The U.S. government has announced it will raise the global tariff from 10% to 15% this week.
This may sound like a sudden tax hike, but it's actually a carefully planned temporary step. The administration calls this a five-month 'bridge tariff', designed to span the gap between an old policy that was struck down and a new one that is still being developed. The ultimate goal is to replace this broad tariff with more durable, targeted measures in about five months.
So, why was this necessary? The story begins with a Supreme Court ruling on February 20, 2026. First, the Court invalidated the legal authority the administration had been using to impose tariffs. This forced an immediate policy shift. Second, to avoid a policy vacuum, the government quickly implemented a temporary 10% global tariff on February 24, using a different law, Section 122 of the Trade Act, which allows for measures lasting up to 150 days. Third, following hints from top officials, the administration is now raising that rate to 15% to maintain pressure while it works on a long-term solution.
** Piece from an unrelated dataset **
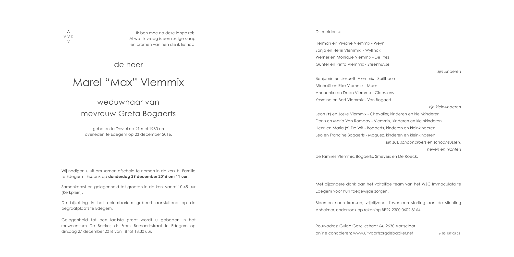 Overleden te Edegem (2650) op vrijdag 23 december 2016 op 86-jarige leeftijd
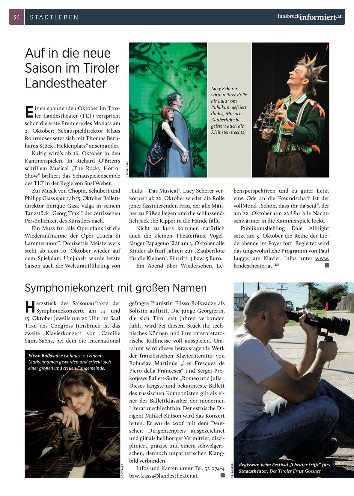 inen spannenden Oktober im Tiroler Landestheater (TLT) verspricht

This 150-day window, which ends around July 24, 2026, is crucial. During this time, the government will conduct new investigations under different trade laws—specifically Section 301 (addressing unfair trade) and Section 232 (concerning national security). The findings from these studies will form the legal basis for the new, targeted tariffs that will replace the temporary 15% rate.
Markets have reacted as you might expect. Tariff-sensitive sectors like auto manufacturers and retailers saw their stock prices fall, as investors priced in the short-term economic impact of a higher tariff. This move signals a clear pivot in U.S. trade policy from broad emergency actions to more focused, legally grounded measures.
- Section 301/232: U.S. trade laws that allow the president to impose tariffs in cases of unfair trade practices (301) or threats to national security (232).
- Bridge Tariff: A temporary tariff put in place to span a gap, in this case, between an invalidated policy and a new, legally durable one.
- IEEPA (International Emergency Economic Powers Act): A U.S. law granting the president broad authority to regulate commerce after declaring a national emergency, which the Supreme Court recently ruled could not be used for the prior tariffs.